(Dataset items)
|---|

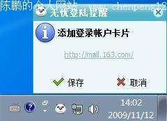 除了具有手动添加登录帐户的功能外,无忧登陆还能够智能提醒保存登录帐号信息。当我们在网页中输入帐号信息进行登录时,无忧登陆会弹出窗口提示保存当前登录帐号信息,这样以后我们就可以直接通过双击选项卡的方式快速登录:
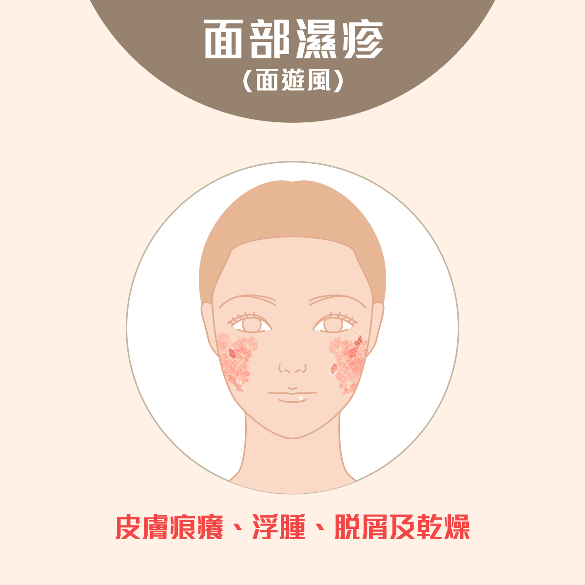 濕疹特征:常見受影響部位包括眼周、臉頰、頸後。局部表現為皮膚痕癢、浮腫、脫屑、肌膚乾燥。
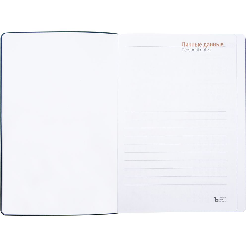 Гибкая обложка ежедневника выполнена из материала Latte, синий НН. Внутри корешка — специальное место для крепления ручки размером до 15х0,9 см.
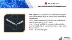 Fillet Edge komutu çalıştırılınca önce Radüs miktarı girilip
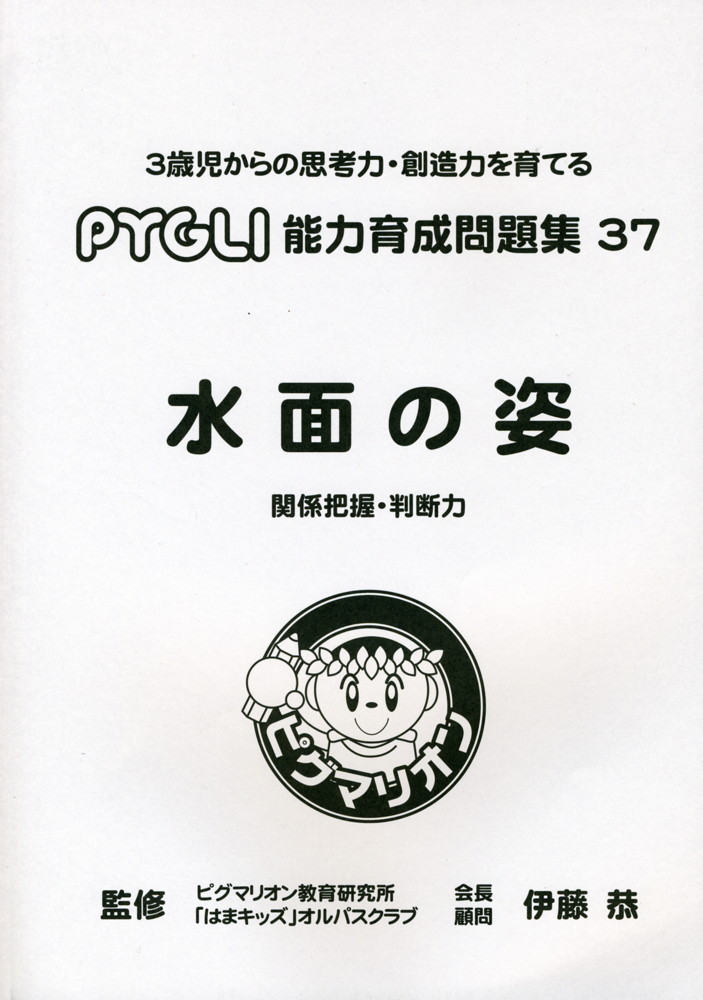 幼児教育法「ピグマリオンメソッド」を基にして作られた問題集。水面に映った姿を答える問題を収録。
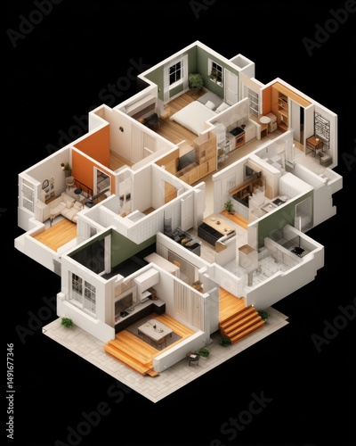 Isometric view of modern apartment floor plan with furniture and decor, 3D rendering, architectural visualization, residential building
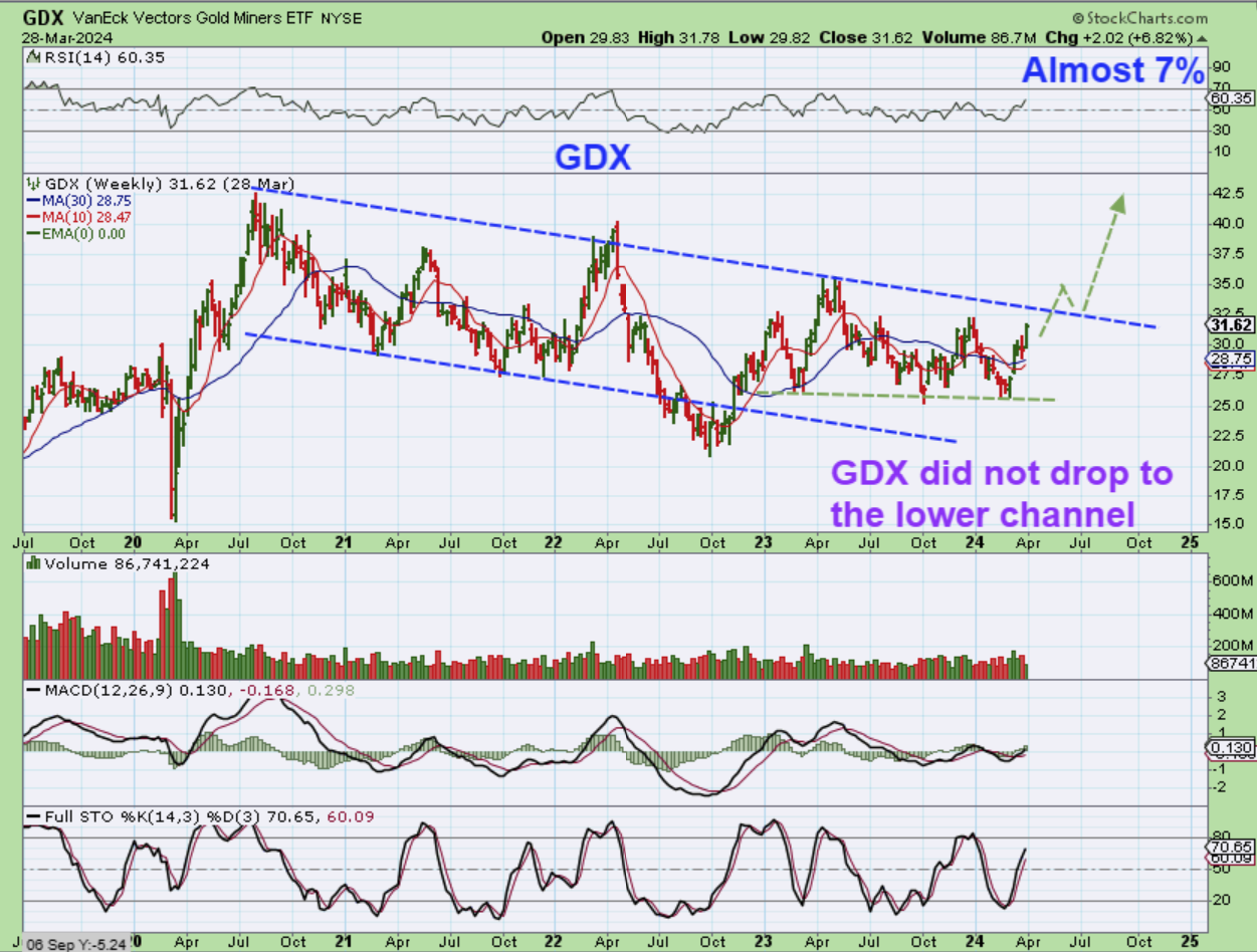 GDX was up 7% last week and it is heading up to a downtrend line. Since it did NOT make it down to the lower downtrend channel line, it could still have the energy and strength to break out without pause.
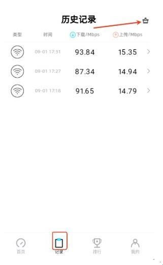 4、点击记录可以看到自己的测试记录。不需要的话也可以点击右上角刷子删掉历史记录。
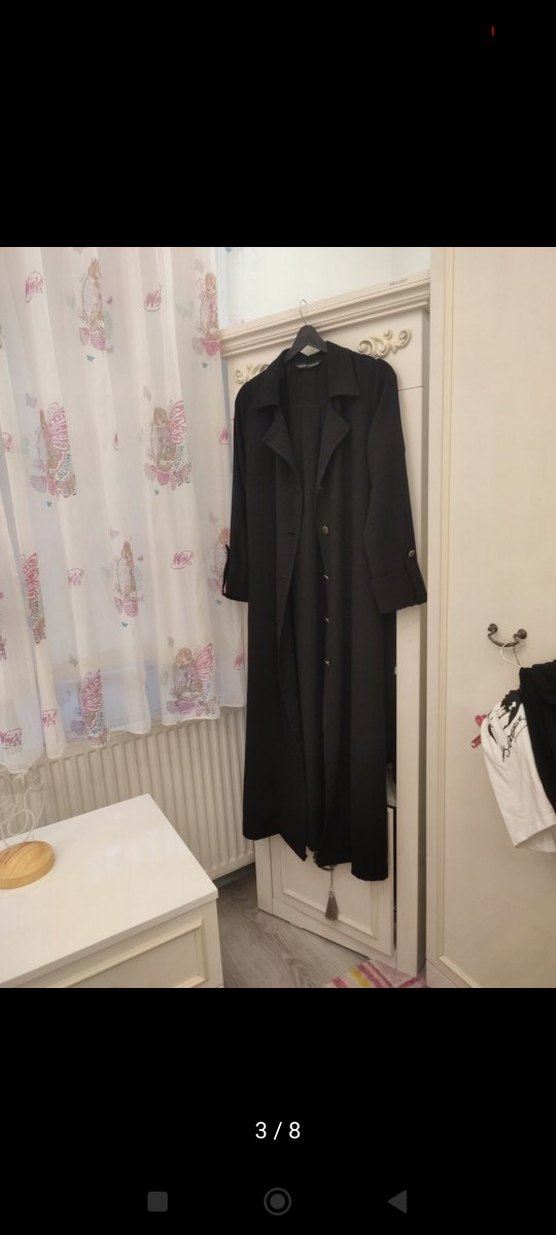 Siyah krep kumaştan uzun trençkot, düğmeli ve kesik yakalıdır. Uzun kollu, klasik şıklık için tam boy 130 cm yazlık ince kumaş kusur defo yoktur

|---|

● DIRECTIONS FOR THIS TASK
With images excluded, write the records above out again exactly.

● SOLUTION
 除了具有手动添加登录帐户的功能外,无忧登陆还能够智能提醒保存登录帐号信息。当我们在网页中输入帐号信息进行登录时,无忧登陆会弹出窗口提示保存当前登录帐号信息,这样以后我们就可以直接通过双击选项卡的方式快速登录:
 濕疹特征:常見受影響部位包括眼周、臉頰、頸後。局部表現為皮膚痕癢、浮腫、脫屑、肌膚乾燥。
 Гибкая обложка ежедневника выполнена из материала Latte, синий НН. Внутри корешка — специальное место для крепления ручки размером до 15х0,9 см.
 Fillet Edge komutu çalıştırılınca önce Radüs miktarı girilip
 幼児教育法「ピグマリオンメソッド」を基にして作られた問題集。水面に映った姿を答える問題を収録。
 Isometric view of modern apartment floor plan with furniture and decor, 3D rendering, architectural visualization, residential building
 GDX was up 7% last week and it is heading up to a downtrend line. Since it did NOT make it down to the lower downtrend channel line, it could still have the energy and strength to break out without pause.
 4、点击记录可以看到自己的测试记录。不需要的话也可以点击右上角刷子删掉历史记录。
 Siyah krep kumaştan uzun trençkot, düğmeli ve kesik yakalıdır. Uzun kollu, klasik şıklık için tam boy 130 cm yazlık ince kumaş kusur defo yoktur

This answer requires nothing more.